Ce roman est un chant épique. Il s'inscrit dans la liste des oeuvres africaines qui plongent dans l'histoire des peuples du contient jusqu'à leurs origines mythiques. Si Djibril Tamsir Niane, dans sa célèbre épopée, met à l'honneur le peuple manding, Aminata Sow Fall chante le Foutadjallon. Et c'est au griot, thaumaturge du verbe, qu'incombe l'imposante charge de perpétuer et de rendre toujours vivante l'âme de ce dernier. Pour autant Naarou est une griotte pas comme les autres.

Consciente que cette fonction a perdu nombre de ses lettres de noblesse et que l'on ne peut plus en vivre, Naarou se reconvertit en griotte au goût du jour. Elle allie alors affaires commerciales et prestations artistiques lors des grandes rencontres. Elle chante l'histoire du Foutadjallon truffée de mythes et de légendes. Une manière de joindre l'utile à l'agréable, de marier le passé légendaire au présent bouillonnant de la vie citadine. Toutefois le point d'orgue de cette consécration du passé a lieu annuellement au village de Babyselli en l'honneur du jujubier du patriarche, emblème éternel de ce territoire mythique peul.

À travers le parcours de ce personnage charismatique et de ses proches, l'auteure dénonce plusieurs stéréotypes dont souffrent les femmes notamment la stérilité censée être uniquement féminine. Ou encore le divorce qui charrie toujours honte et humiliation chez la famille de la femme. Elle dénonce aussi la balkanisation de cette nouvelle société post-indépendance en deux classes qui se supportent difficilement : les descendants des anciens nobles et ceux des anciens esclaves. Néanmoins si Tacko a une dent contre Naarou, sa fille adoptive, c'est davantage à cause de son épanouissement matériel que de son extraction sociale. Comme pour dire qu'elle accepte avec grand-peine cette ironie de l'histoire qui propulse les anciens dominés au-dessus des anciens dominants.

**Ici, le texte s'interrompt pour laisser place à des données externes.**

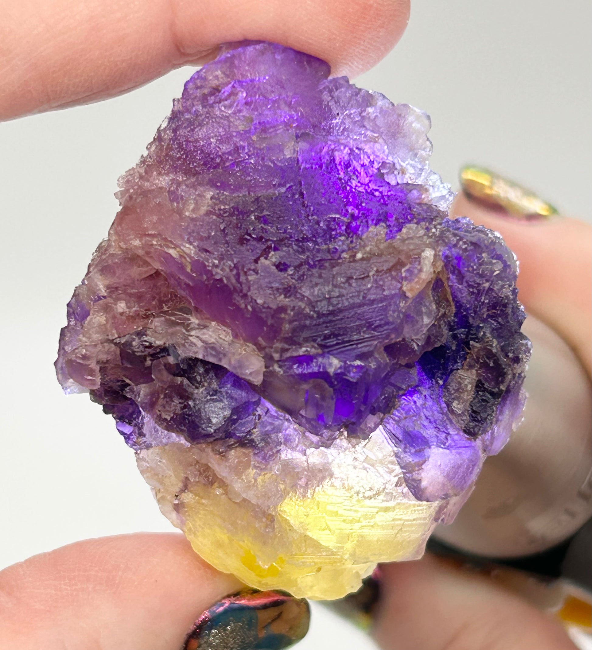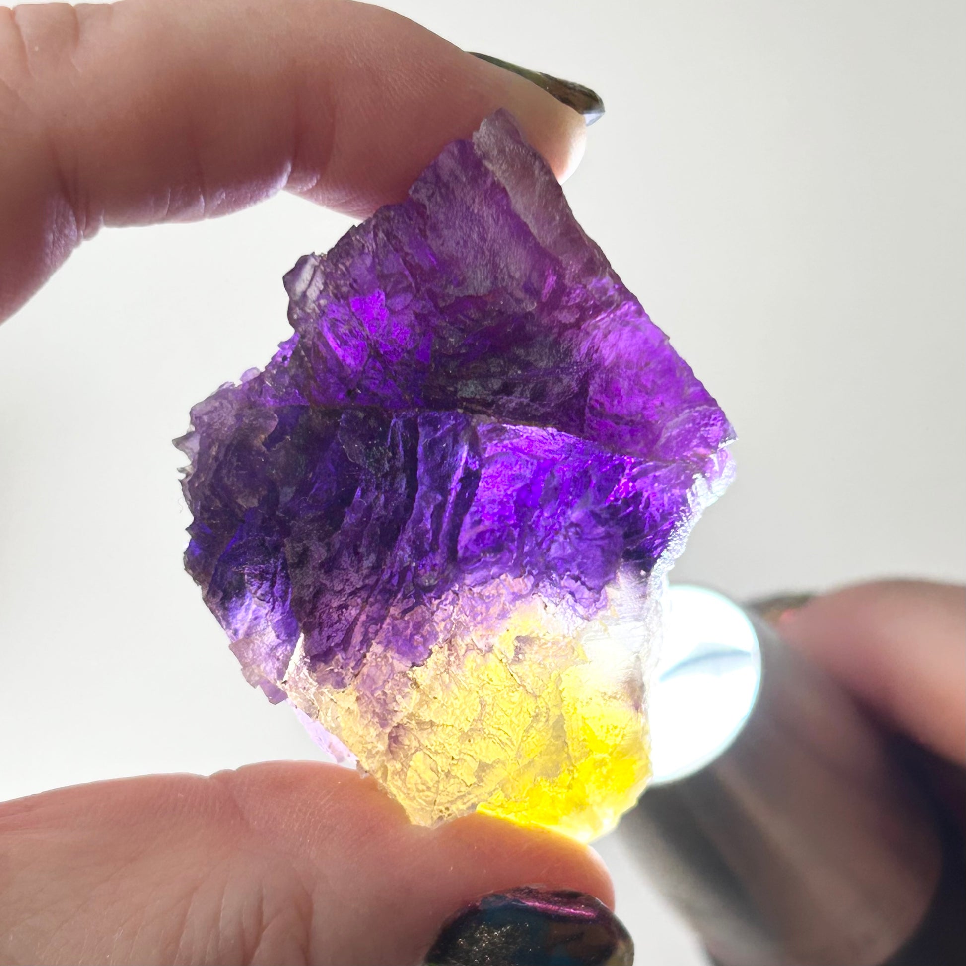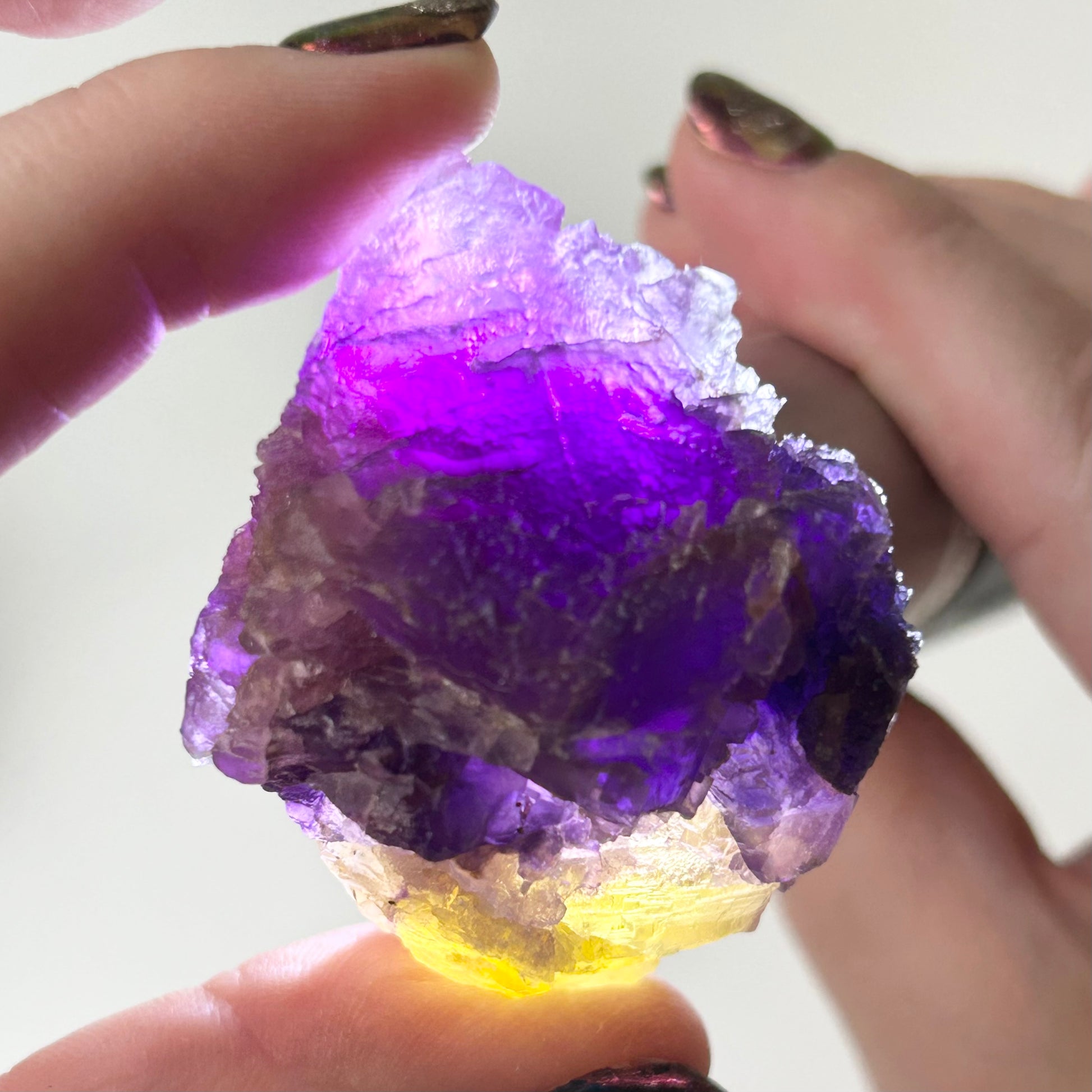 This Blue, Purple & Yellow Fluorite is from the world famous Cave-In-Rock mining area, Illinois, USA 🇺🇸 This Tri colour piece shows the way that after formation Fluorite can dissolve, adding a beautiful and unique pattern to these Fluorites.

En explorant le récit au second degré, on pourrait dire qu'il est le contrepied du Baobab fou de Ken Bugul. En effet si Ken Bugul, le personnage, s'acharne à écarter son identité d'un revers de main et s'occidentaliser jusqu'au trognon, Naarou assume à la fois ses racines tout en s'ouvrant aux valeurs occidentales.

Dans la fluidité d'une écriture au style minimaliste, l'auteure joue avec le lecteur comme avec les temps. Passé simple, présent et futur simple se panachent harmonieusement tout comme poésie et prose qui composent le récit. Saupoudrée de termes africains, la langue d'Aminata Sow Fall est authentique et ancrée dans la vie locale.